* WORK ITEM
Write out each line below precisely, passing over the pictures.

* INFORMATION SHOWN
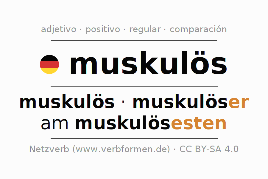 El comparativo en forma de tabla con todas sus formas de declinación: fuerte, débil y mixta. Estas están representadas de forma clara en una tabla sinópica en singular, plural y en los cuatro casos gramaticales: nominativo (primer caso), genitivo (segundo caso), dativo (tercer caso) y acusativo (cuarto caso). Aquí encontraras más información acerca del tema Wiktionary muskulös y aquí también a través del Duden muskulös.
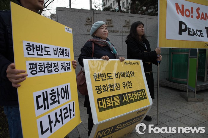 (서울=포커스뉴스) 21일 오후 정부서울청사 별관앞에서 '평화와 통일을 여는 사람들'(평통사) 회원들이 한미 양국의 강경 대북제재에 반대하며 집회를 열고 있다.
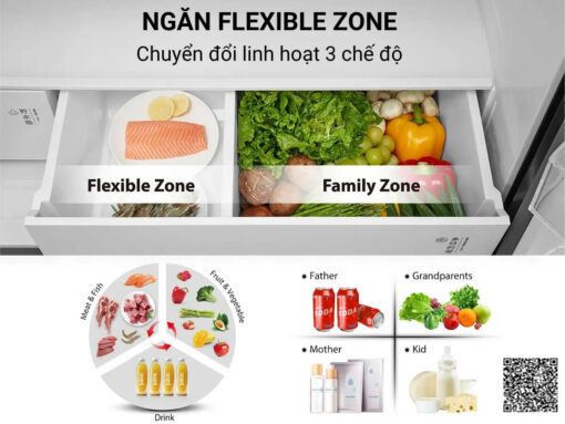 Bạn có thể sử dụng ngăn Flexible Zone để bảo quản rau củ quả, sữa chua, phô mai, làm lạnh nhanh đồ uống, đặc biệt là cấp đông mềm thực phẩm tươi sống như thịt, cá… tươi ngon đến 3-4 ngày mà không cần cấp đông cứng, có thể chế biến ngay mà không cần rã đông.

* RESPONSE BOX
 El comparativo en forma de tabla con todas sus formas de declinación: fuerte, débil y mixta. Estas están representadas de forma clara en una tabla sinópica en singular, plural y en los cuatro casos gramaticales: nominativo (primer caso), genitivo (segundo caso), dativo (tercer caso) y acusativo (cuarto caso). Aquí encontraras más información acerca del tema Wiktionary muskulös y aquí también a través del Duden muskulös.
 (서울=포커스뉴스) 21일 오후 정부서울청사 별관앞에서 '평화와 통일을 여는 사람들'(평통사) 회원들이 한미 양국의 강경 대북제재에 반대하며 집회를 열고 있다.
 Bạn có thể sử dụng ngăn Flexible Zone để bảo quản rau củ quả, sữa chua, phô mai, làm lạnh nhanh đồ uống, đặc biệt là cấp đông mềm thực phẩm tươi sống như thịt, cá… tươi ngon đến 3-4 ngày mà không cần cấp đông cứng, có thể chế biến ngay mà không cần rã đông.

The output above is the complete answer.